▶ _HOW TO COMPLETE THIS TASK_:
The reply should contain all the data below, repeated exactly, and none of the images.

▶ _DATA_:
══════

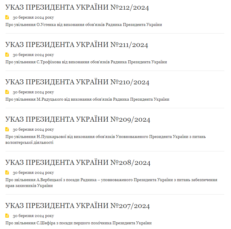 Варто зазначити, що усі укази президента щодо звільнення/увільнення від виконання обов'язків, датуються 30 березня.
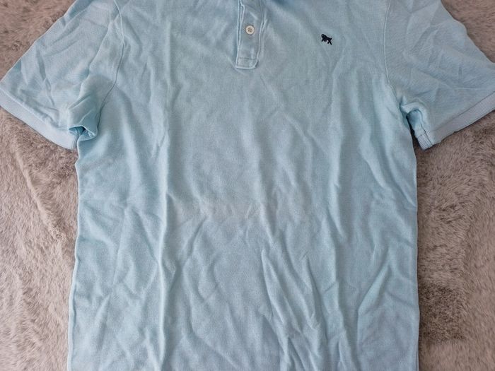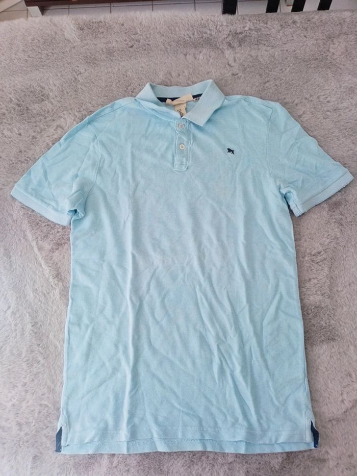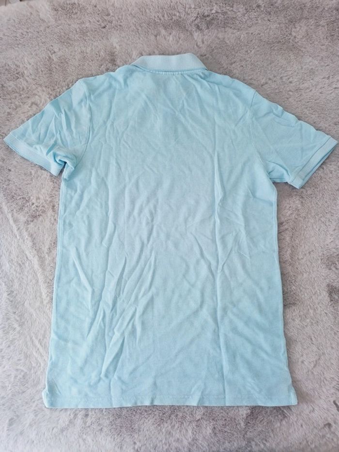 Polo en maille piquée, de couleur bleu ciel, plus joli en vrai qu'en photo car ici bleu turquoise alors que bleu ciel en vrai de taille 14 ans et +(170cm). En très bon état mais mis bon état car trace blanche légère au milieu voir photo. Concept logg de H&M. N*0654. #marynline78Garcon14ans #marynline78Garcon16ans
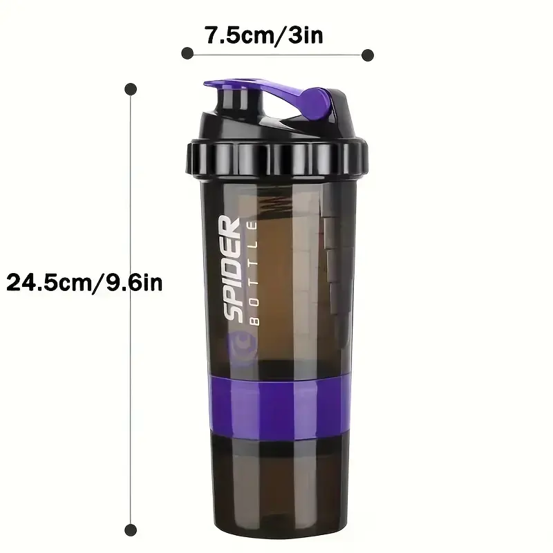 【Three-Layer Design】: Features a unique three-layer structure for efficient mixing and storage of protein powder. 【Portable Size】: Compact 500ml/17oz capacity makes it easy to carry for fitness activities and workouts. 【Spring Spider Cup】: Innovative spring spider mechanism ensures smooth mixing every time you shake. 【Durable Material】: Made from high-quality polypropylene (PP), ensuring long-lasting use and durability. 【Versatile Use】: Ideal for gym sessions, sports training, and preparing fitness milkshakes anytime, anywhere.

══════

▶ _EXERCISE OUTPUT_:
 Варто зазначити, що усі укази президента щодо звільнення/увільнення від виконання обов'язків, датуються 30 березня.
 Polo en maille piquée, de couleur bleu ciel, plus joli en vrai qu'en photo car ici bleu turquoise alors que bleu ciel en vrai de taille 14 ans et +(170cm). En très bon état mais mis bon état car trace blanche légère au milieu voir photo. Concept logg de H&M. N*0654. #marynline78Garcon14ans #marynline78Garcon16ans
 【Three-Layer Design】: Features a unique three-layer structure for efficient mixing and storage of protein powder. 【Portable Size】: Compact 500ml/17oz capacity makes it easy to carry for fitness activities and workouts. 【Spring Spider Cup】: Innovative spring spider mechanism ensures smooth mixing every time you shake. 【Durable Material】: Made from high-quality polypropylene (PP), ensuring long-lasting use and durability. 【Versatile Use】: Ideal for gym sessions, sports training, and preparing fitness milkshakes anytime, anywhere.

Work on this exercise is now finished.